ある女子大学で情報、統計、ファイナンスなどを教えております。気がついたことなどまとめてみたいと思います。

発信の時代

2012年03月31日 10時04分07秒 | Weblog
ツイッターtwitterとフェイスブックfacebook
  TWの140文字という字数制限は半角も全角も同じである。漢字140文字はアルファベットと比べて3~4倍の情報量があるため、中国語では1、2本の「つぶやき」で十分な主張ができる。日本語も似ているから、ツイッターは漢字文化圏で意外な力を発揮している。中国では禁止されているが、裏ネット社会では生き延びて徐々に浸透している。中国政府は不気味な時限爆弾になることを恐れている。昨年の春、アフリカ諸国の政変はツイッター革命とも言われているからだ。
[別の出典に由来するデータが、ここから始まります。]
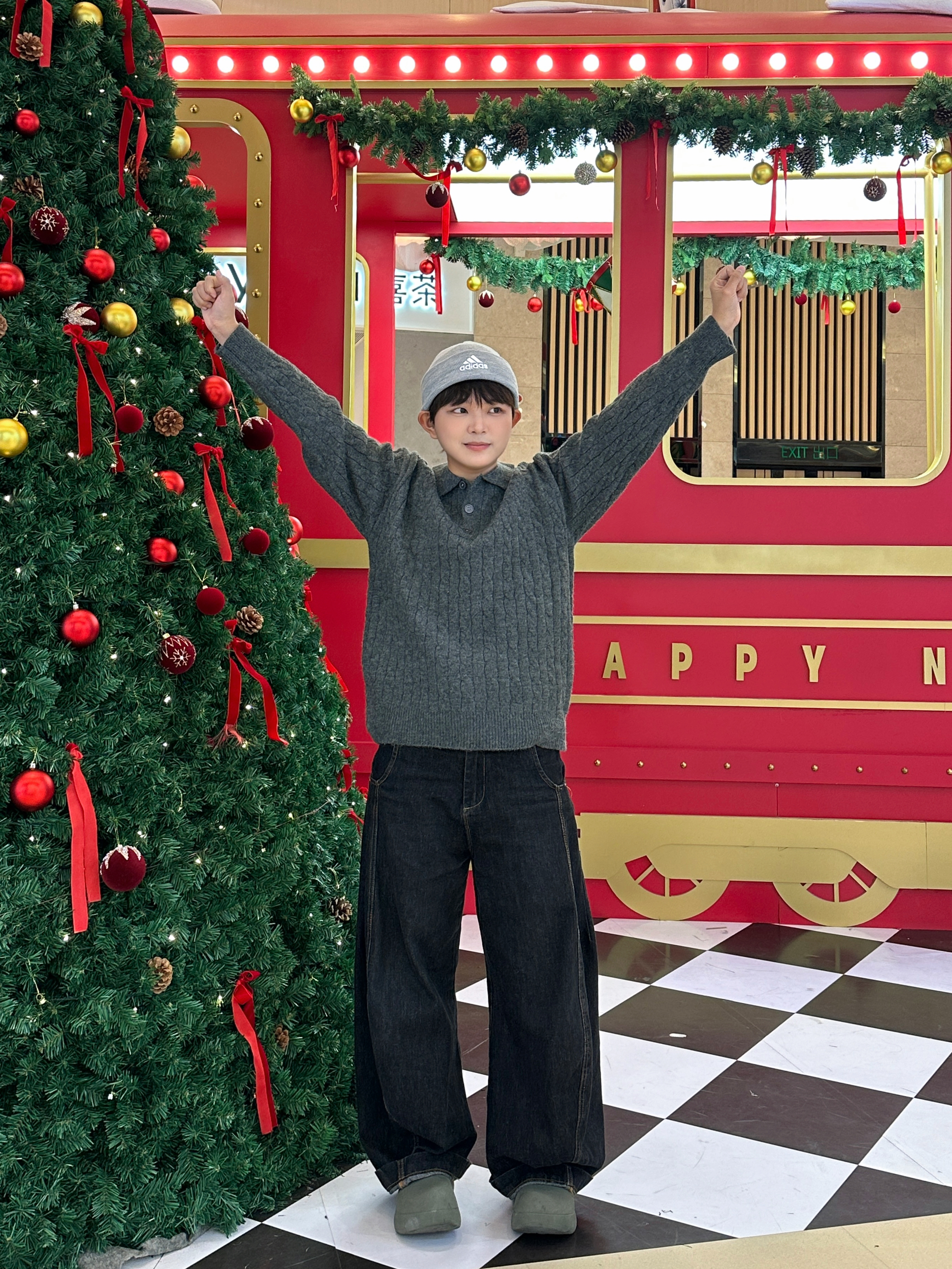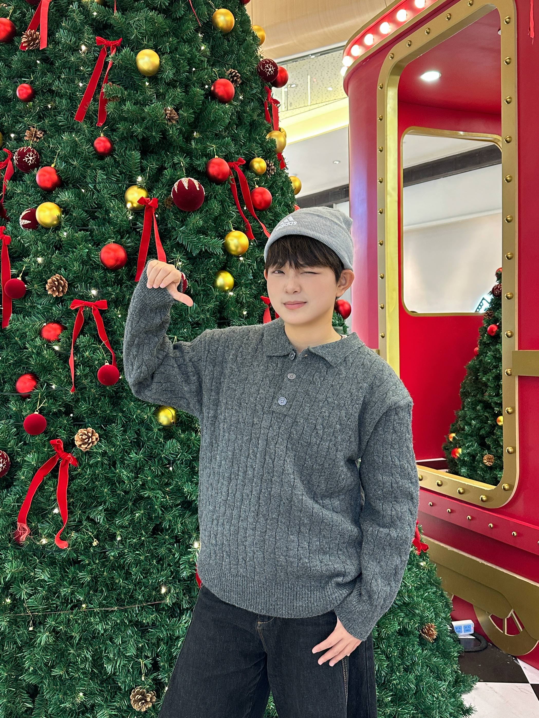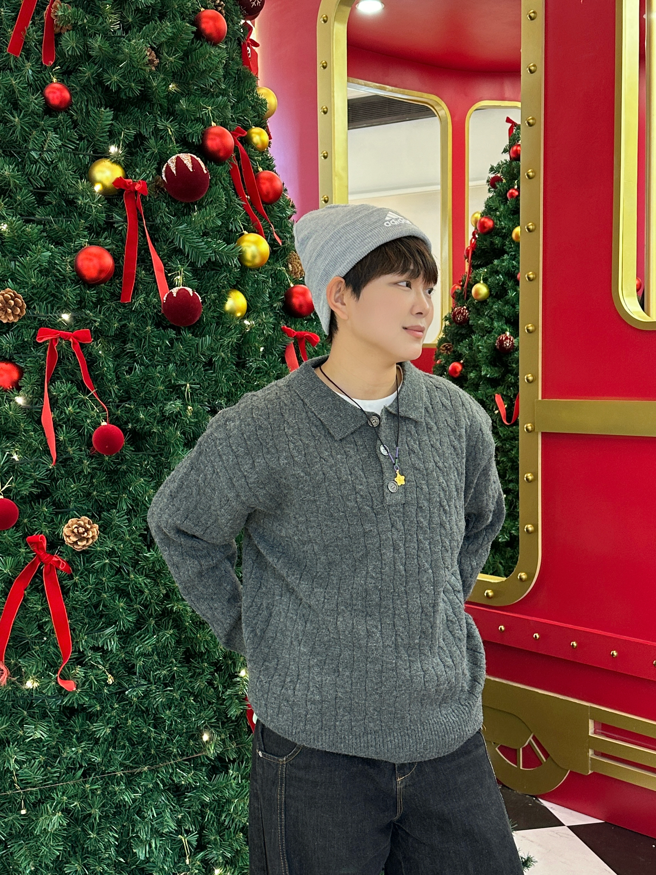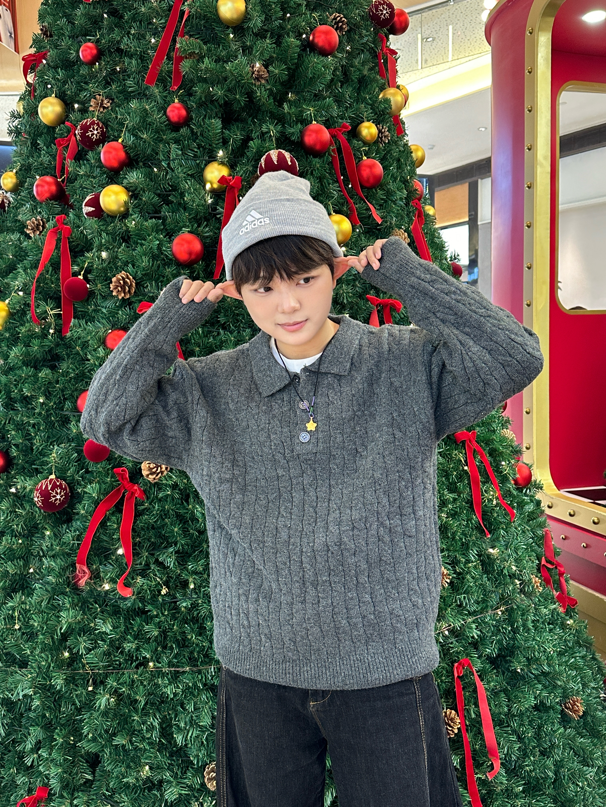 今年冬天的年度“暖糯感”穿搭直接被这一身锁死了!🎄 这件灰毛衣是我年度衣橱的“温柔担当”——坑条纹理软乎乎的,贴身穿暖到心坎里,翻领+纽扣设计随便搭都有松弛感~ 黑阔腿裤是我的年度舒适标配,松垮版型裹着超自在,配同色系帽子直接把冬日氛围感拉满☁️ 这一套是我今年翻牌最多的“不费力温柔搭子”,逛商场偶遇圣诞树,随手拍都像自带滤镜~

  ブログを書いている人は、普通は字数制限がないために、ややもすれば文が冗長になりがちである。そして、140文字内では意見を主張することはできないという。筆者も初めはそのように考えていた。その頃はツイッターの日本語サイトがなかったので、確かに英語では挨拶程度しかできないことを実感していた。今では、TWとFBともメモがわりに利用している。


  このツールは、やがてはすべての情報を飲み込むものになると予想されている。子どもの遊びなどと軽蔑せずに、気軽に登録して呟いてみるのも面白い。ケイタイ、パソコン、アイパッドなどどこからでもインプットできる。画像や映像にも簡単に接続可能だから、このサイトにいれば、すべてにアクセス可能だ。また、フェイスブックとの連携もできる。個人情報の流出やセキュリティには当然に配慮しなければならない。
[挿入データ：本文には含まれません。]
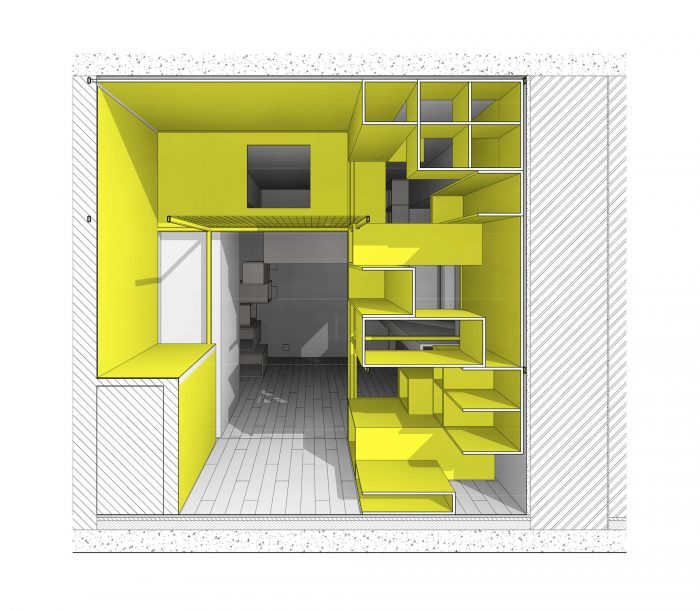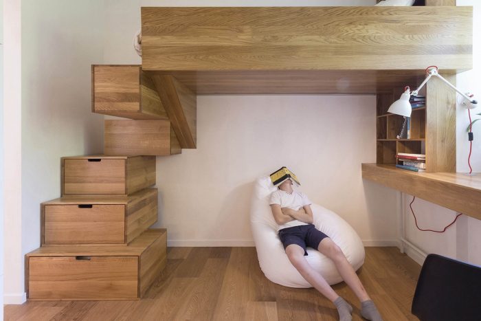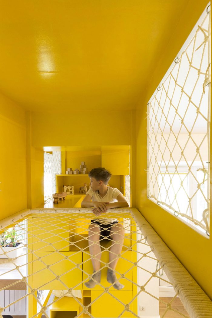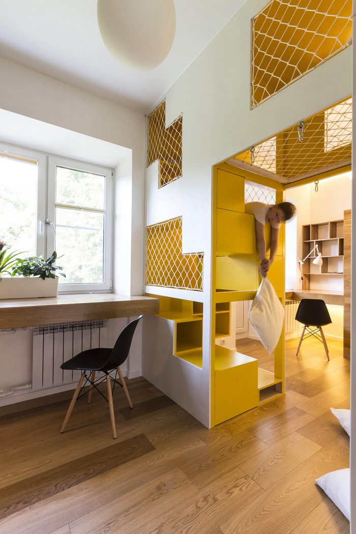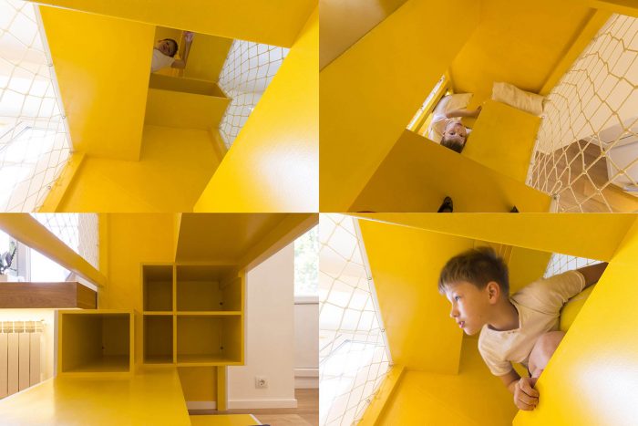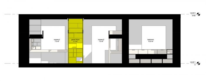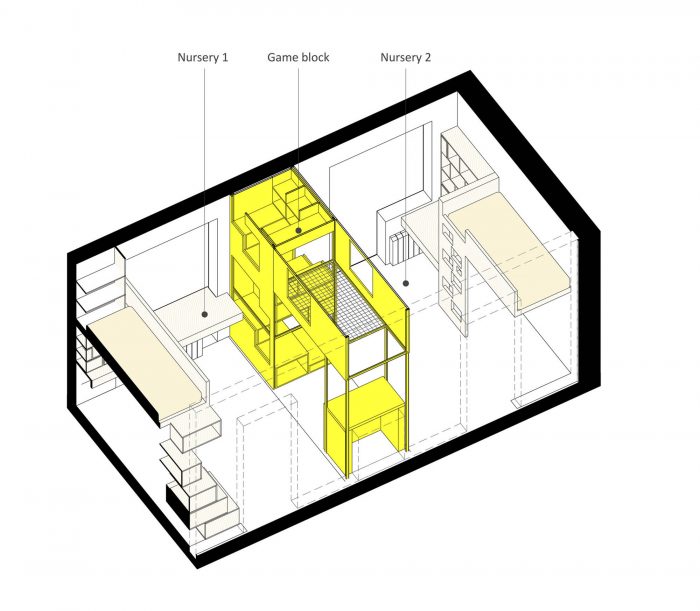 一个16平方米的房间被分配给儿童区。房间被中央的游戏装置分为两部分,其中包括几个供攀爬的层次,一个吊床和带窗户的小房子。在游乐设施的两侧,有睡觉的地方和一张学习用的桌子。

   コンピュータ関係のある調査によれば、twitterに投稿されるつぶやきの7割は無視されているという。カナダの 調査会社によるもので、最近の2カ月間に投稿された 12 億件のつぶやきを分析したものだ。普通は呟きには別に反応を期待してはいない。3割も何か反応がある方が驚きかもしれない。いずれ、つぶやきから新しい何かが生まれてくるはずだ。


***有名人のなり済ましは犯罪に近いツイッターと思う。米国では訴訟まで起きている。もう一つは、プロフに偽と記してある偽物の呟きだ。これをbotという。有名人の名言珍言、作家がよく使う言葉を集めて、人工知能を作り、これが自動的に呟くものだ。フォローしているものがボットかもしれない。botはrobotの略称である。


クラウド

2012年03月30日 08時05分17秒 | Weblog
クラウド・コンピューティング
   ネットワークを雲の絵で表現することはウインドウ95の出た1995年頃から行われていた。明確な言葉としては、2006年8月に開催されたSES会議において、Google社CEOのシュミット氏がクラウドに言及したことで広まったといわれている。企業間ではソフトやデータを自前で持たずにインターネット経由で随時利用できるクラウド・コンピューティング事業は今後ますます成長して行くことになる。
*SES:Search Engine Strategies Conference

   個人ではどうかと言えば、グーグルで検索したり、メールを送ったり、ブログやツイッターで情報発信している人はすでにクラウドの立派な利用者と言える。つまり、これらを利用するときに、個人では特別のソフトを自分のパソコンに導入しているわけではないからだ。ではどこにソフトがあり、どこにこれまでのメールが保存されているのかと言えばクラウドの中と言える。

   この20年間にわたりマイクロソフトMS社は、OSとオフイスソフトをユーザーに購入させて莫大な利益を上げてきた。その最新版はウインドウ7とオフイス2010であるが、この秋にはWIN8がでるという。両方合わせるとフル装備で10万円を超える。これに対して、OSもオフイスソフトもオープンソースで無料で利用できる時代に来ている。クラウドにあるものを利用することができるからだ。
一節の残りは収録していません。